Thursday, March 21, 2013

Zombie Days

       If it's not the harrowing 9-5 in creme colored corners and whirring water dispensers, it's the two or three or four hours doing whatever it is you're doing.  When you have but only a few moments of genuine bursts of laughter, but end the night in some sort of trance, without the desire or concern for much anything besides your own comfort, it negates the laughter.  Almost makes the gladness, dew drops of it sprinkled throughout an uneventful day, dissipate entirely as if they never happened, or if they had, become undeserved, bitterly stolen or accidentally dealt and then quickly taken away.

       This isn't apathy.  I know apathy.  I have wandered in the vast deserts of Apathy, and this is not apathy.

       This is life.  Worry.  Unmet expectations.  A lack of vulnerability.  The hermit that never left its shell, but remained warm and tired in the dark thin walls of a familiar casting with cracks.  Why do I always speak in pictures and metaphors?  It's become a language to me; leaving me slightly confused at those who do not speak the same way.

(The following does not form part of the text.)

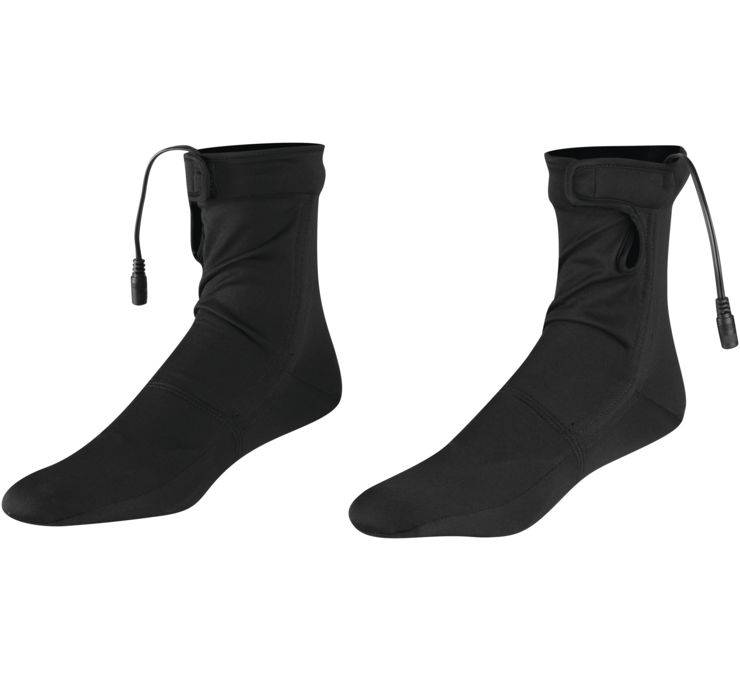 Our Heated Sock is made from micro fleece to warm the most common areas riders get cold, their feet. We reduced the bulk by using the latest in flat heat technology and focused on heel fit to make sure itΓÇÖs seamless in the toe area. Hook up the socks to our Heat-troller through our Heated Pants or order our Long Y cable to power them alone. There are 9 watts of heat (a draw of .7 amps at 13.8 volts) in each sock.

       I just burned my forefinger on a hot glass cylinder (about an inch in diameter, 4 inches tall); after having smothered out my candle by placing a book over the top to suffocate the heat (if you have read previous entries I made the mistake of trying to blow out the candle once, resulting in hot melted wax splattering my unexpected cheeks), the book, for some reason, stuck to the top of the cylinder this time around.  I, all too quickly, used my left forefinger and thumb to grab the tall glass candle (with my right hand holding the book) to pull them away from one another, and did not think the glass would be so searingly painful to touch.  Pain. My fingers are still throbbing, sensitive to the touch, like a million microscopic needles pushing their way into my defenseless skin.  I did, however, realize an important....or maybe not important, but definitely helpful understanding that pain does not usually instigate anger in me.  I am not angry that my finger is in terrible pain, (although I am angry at my slight stupidity), in fact it humors me.  I feel sadness too.  Sad that it hurts when I touch it, because it takes away some of my comfort, but to recognize this brings me happiness too.  I'm ALIVE!  I can feel pain!  Ow.  Every time I touch it, it hurts.  I recoil for a second, then smile.  Recoil/sad then smirk and smile.

       There must be levels for every emotion.  Love, Fear, Joy, Sadness, etc.  I know I'm on to something, but these four walls called "bedroom" do little to foster my thoughts.  I can't think, or I can think, but I don't want to.  This feels heavy, too heavy for now.  I want to relish the light humor of my searing pain from the candle incident.  I want to stay distracted...which now just makes me sad.

       I will continue then, to find some resolve.

       Funny people know when to laugh and when to keep a straight face.  I'm still learning the craft of being funny, because I do think I'm pretty funny, but I laugh too easily/eagerly.

This isn't working.  I'm going to go read.  I have 2 books on loan that need to be returned before I writhe in inconsiderate-ness.